What you need to know about HTTP Verb TamperingJune 4, 2008 – 7:29 PM
Recently Arshan Dabirsiaghi, Director of Research of Aspect Security, published a white paper entitled “Bypassing URL Authentication and Authorization with HTTP Verb Tampering”. Initially there was a lot of confusion about what exactly was being explained or claimed. Including, is it real? Is it novel? Is it dangerous? What is this? Most will get lost in the semantics of the debate and only care if it impacts them in some way. So I hope to get to the relevant bits, borrow from Arian Evan’s summaries, and make things a bit easier to understand.
1) No one is claiming the HTTP Verb (GET/POST/HEAD) manipulation is new. Manipulating what type of HTTP request a webapp is expecting to receive, such changing GET to POST and POST to GET, has been done for years. Our websites should only be using the types of requests we expect to receive and no more. What is interesting here is when it can be used and for what purpose.
2) HTTP Verb tampering is generally used in conjunction with syntactic (XSS, SQLi, etc.) and semantic (bypass authentication/authorization controls) attacks as way to bypass certain defense measures. Arshan’s work on implementation details focus on the semantic version.
3) In syntactic attacks you can use verb manipulation to get malicious data (‘ DROP TABLE …’) in a session object that might now have otherwise been allowed. i.e. Query string parameters were sanity checked, but the attacker used POST placing the data in the message body where it was overlooked by the application. This can lead to SQLi, XSS, and several other common technical vulnerabilities.

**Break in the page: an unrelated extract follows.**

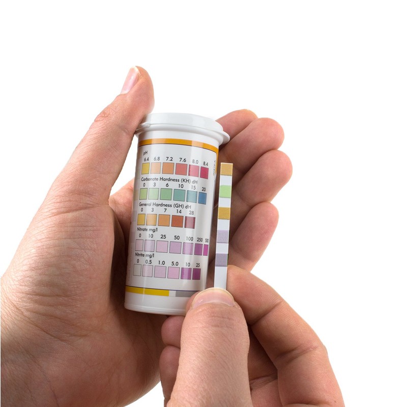 • Kit contains 10 test strips to test for ammonia and 10 test strips to test for nitrite, nitrate, pH, carbonate hardness, general water hardness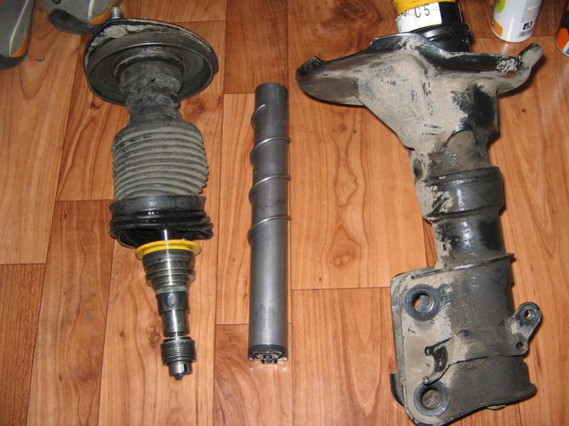попал в аварию и пришел конец левому коню, масло выбежало, корпус оригинальной стойки разогнулся и картридж в нем болтаться стал как ...уй в проруби, щас поставил себе каябу

4) To protect yourself from syntactic HTTP verb manipulation attacks, make sure you only include user-supplied data from where it’s expected to be received (Query string or POST data), or sanity check them both the same if necessary. Also only include the parameter names in the session object you expect to receive. Don’t allow attackers to add arbitrary name/value pairs.
5) In semantic attacks verb manipulation can be used to bypass authorization/authentication protection for specific verbs and areas of the site. A config might say HTTP requests to the /admin/* directory using “GET” must have an “admin” session role. One would ASSUME any methods not listed (POST, HEAD, WHATEVER) in the config would automatically be placed in default-deny mode, but this is not necessarily the case. RFC’s say the HEAD verb is supposed to be treated exactly the same as GET, just don’t return any response data. So its possible for an attacker to send a request to /admin/delete_user.cgi?id=1 with a HEAD verb with no authentication/authorization. They just wouldn’t get a response to the action and certain frameworks are known to be vulnerable to similar attacks. Nasty stuff and commonly goes untested for.
6) There are several things one can do to protect themselves, the most direct is ensuring ALL HTTP verbs are placed in default-deny mode unless otherwise specified. What you are looking for in consistency of authentication/authorization controls across the various methods you expect to receive. Addition details are going to be implementation specific and can be found in the white paper or list chatter.
7) Scanning for syntactic issues is possible, but can easily double or triple the number of requests that need to be sent. Varying degrees of effectiveness are wide across the commercial vendor range. Scanning for semantic issues is going to be extremely hard and likely to be a manual process for quite some time. Its basically a business logic flaw even though the scanner can technically manipulate the verb, it just doesn’t know what the outcome of a test means.
Overall good paper, I learned some good stuff about the particulars of certain implementations. Plus it sparked a lot of good debate. Hope this helps clear some things up.